TASK STATEMENT -> From the first line down to the one containing "Fashion Yellow Pockets", reproduce the entries below exactly and leave out the pictures.

[Records excerpted from a collection]
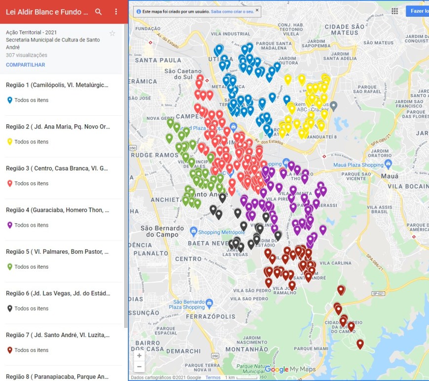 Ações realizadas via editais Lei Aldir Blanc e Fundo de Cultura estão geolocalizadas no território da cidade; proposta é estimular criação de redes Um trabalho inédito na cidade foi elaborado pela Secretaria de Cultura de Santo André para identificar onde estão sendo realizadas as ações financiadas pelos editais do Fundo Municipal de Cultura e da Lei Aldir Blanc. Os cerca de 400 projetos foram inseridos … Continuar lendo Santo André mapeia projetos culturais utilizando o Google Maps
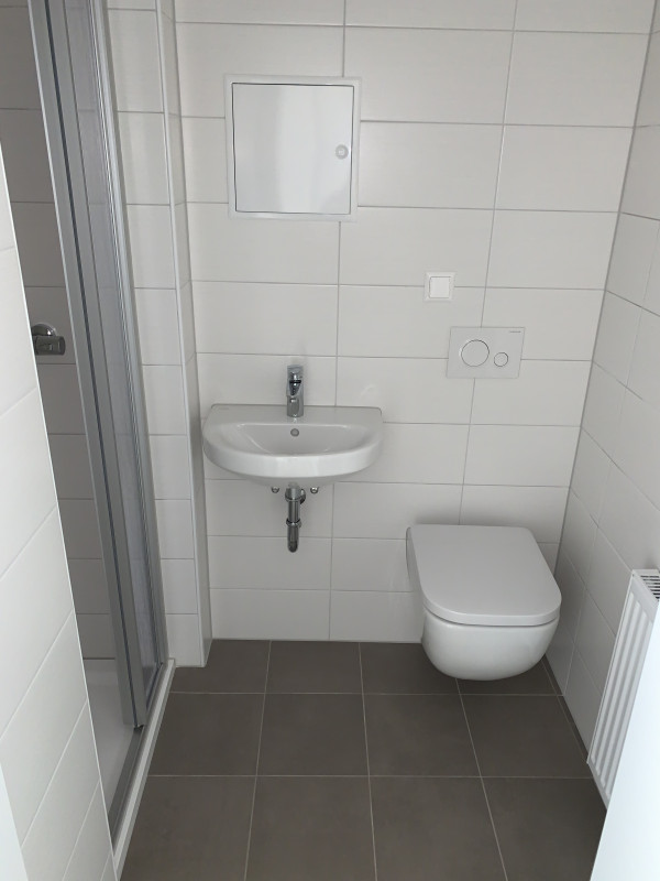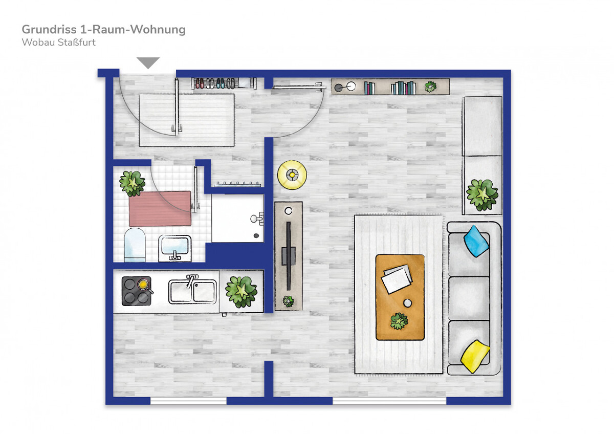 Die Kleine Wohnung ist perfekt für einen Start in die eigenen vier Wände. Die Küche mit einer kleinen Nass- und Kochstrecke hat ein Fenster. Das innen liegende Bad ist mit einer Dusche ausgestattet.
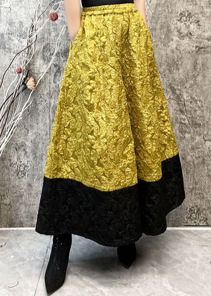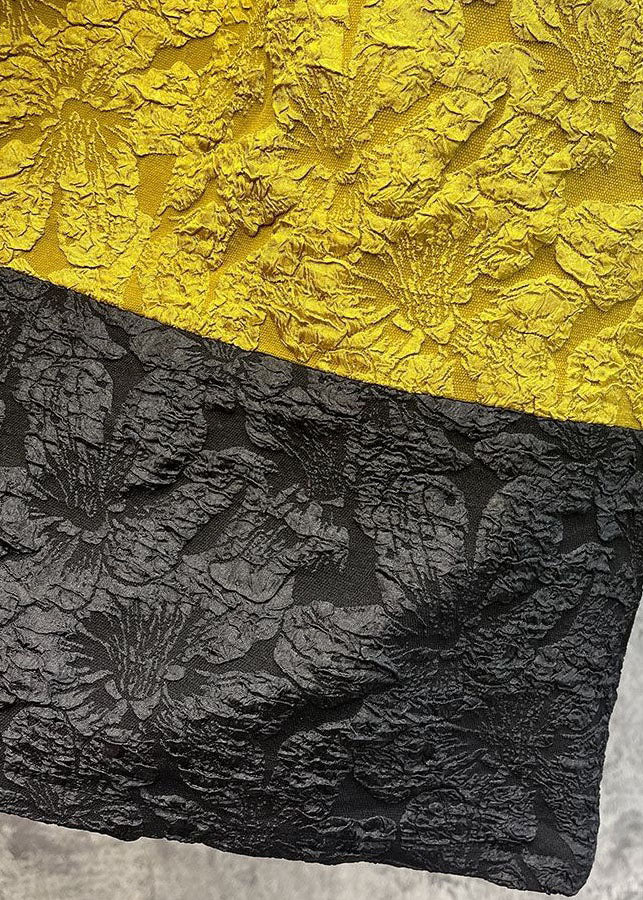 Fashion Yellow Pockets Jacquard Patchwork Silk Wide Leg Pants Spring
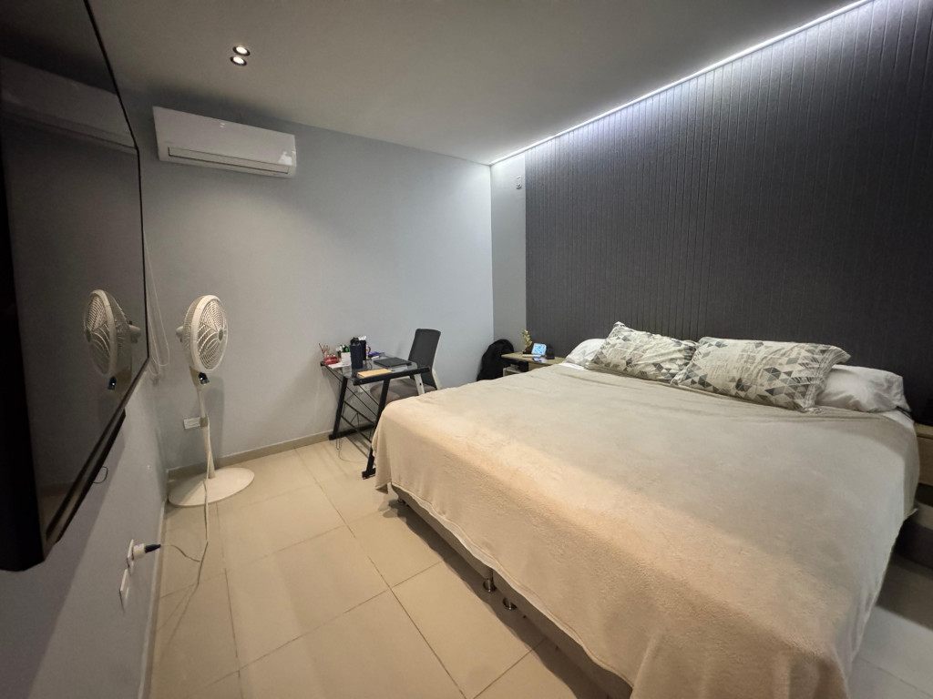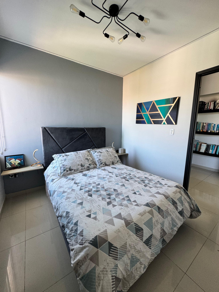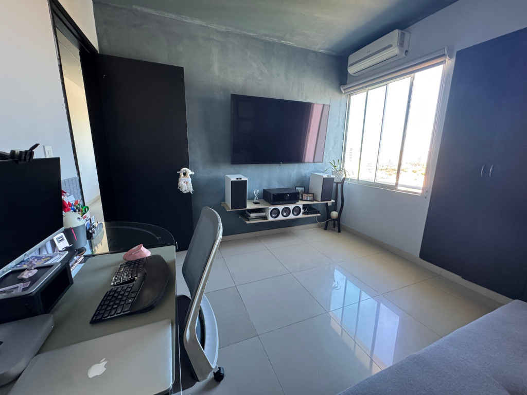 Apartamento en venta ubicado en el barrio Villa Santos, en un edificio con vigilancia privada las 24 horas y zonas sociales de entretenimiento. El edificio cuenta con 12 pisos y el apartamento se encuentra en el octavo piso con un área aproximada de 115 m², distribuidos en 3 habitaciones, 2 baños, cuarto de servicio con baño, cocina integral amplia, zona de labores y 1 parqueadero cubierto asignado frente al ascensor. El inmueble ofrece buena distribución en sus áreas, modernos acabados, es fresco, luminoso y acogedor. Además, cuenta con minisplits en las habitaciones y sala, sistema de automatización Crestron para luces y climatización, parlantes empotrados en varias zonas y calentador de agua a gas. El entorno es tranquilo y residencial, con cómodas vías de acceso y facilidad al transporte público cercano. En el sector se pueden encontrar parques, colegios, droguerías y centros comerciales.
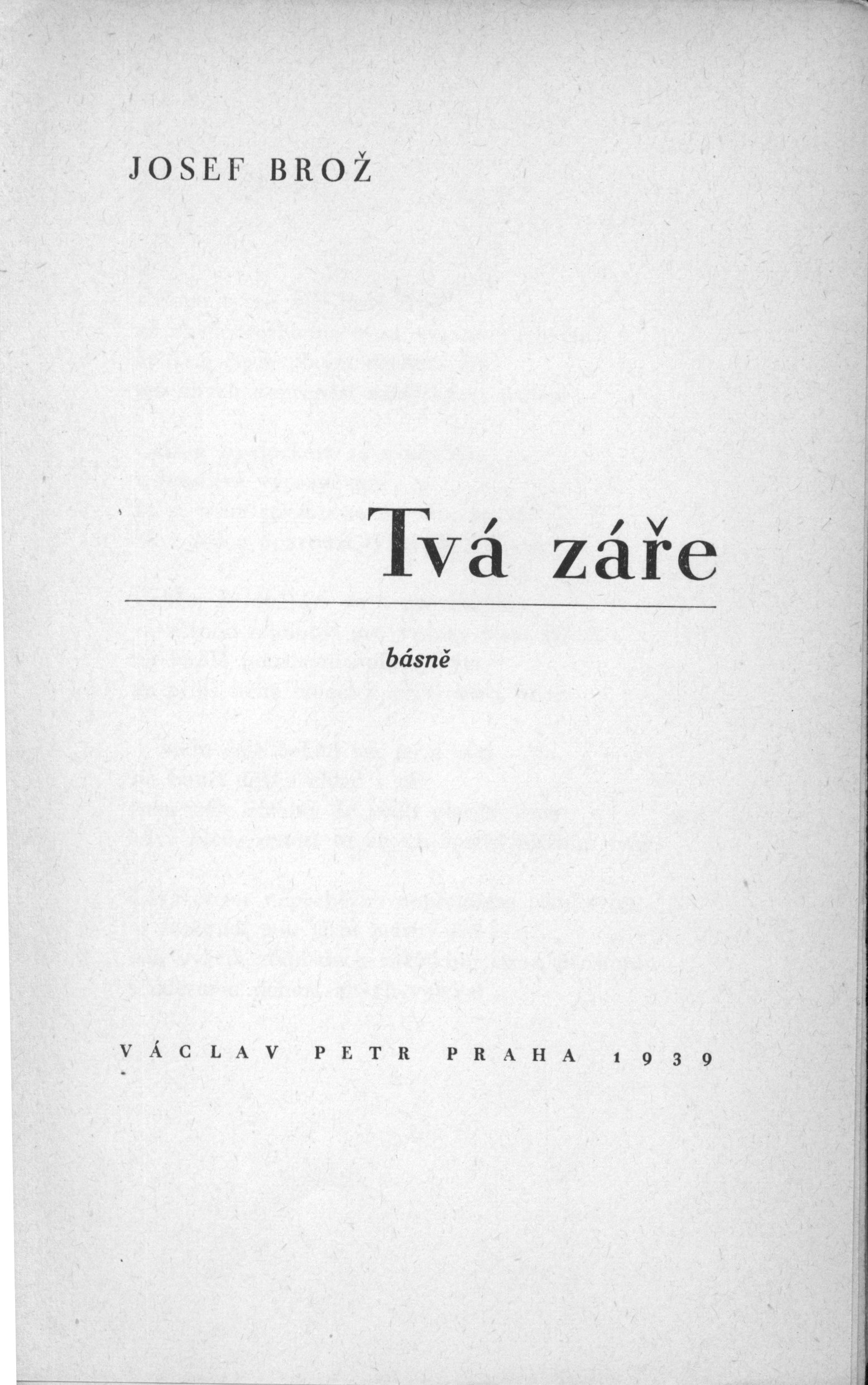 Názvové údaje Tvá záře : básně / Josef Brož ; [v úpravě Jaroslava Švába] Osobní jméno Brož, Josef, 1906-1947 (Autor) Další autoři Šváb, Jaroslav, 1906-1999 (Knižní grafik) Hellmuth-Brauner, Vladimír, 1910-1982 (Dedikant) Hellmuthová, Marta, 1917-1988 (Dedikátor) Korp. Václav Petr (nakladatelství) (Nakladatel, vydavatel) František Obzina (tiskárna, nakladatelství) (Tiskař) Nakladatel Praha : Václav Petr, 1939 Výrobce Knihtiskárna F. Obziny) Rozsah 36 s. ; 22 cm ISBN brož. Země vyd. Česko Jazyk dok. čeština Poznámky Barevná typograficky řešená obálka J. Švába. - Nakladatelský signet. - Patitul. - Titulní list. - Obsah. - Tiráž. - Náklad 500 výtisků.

FINISHED TASK ->
 Ações realizadas via editais Lei Aldir Blanc e Fundo de Cultura estão geolocalizadas no território da cidade; proposta é estimular criação de redes Um trabalho inédito na cidade foi elaborado pela Secretaria de Cultura de Santo André para identificar onde estão sendo realizadas as ações financiadas pelos editais do Fundo Municipal de Cultura e da Lei Aldir Blanc. Os cerca de 400 projetos foram inseridos … Continuar lendo Santo André mapeia projetos culturais utilizando o Google Maps
 Die Kleine Wohnung ist perfekt für einen Start in die eigenen vier Wände. Die Küche mit einer kleinen Nass- und Kochstrecke hat ein Fenster. Das innen liegende Bad ist mit einer Dusche ausgestattet.
 Fashion Yellow Pockets Jacquard Patchwork Silk Wide Leg Pants Spring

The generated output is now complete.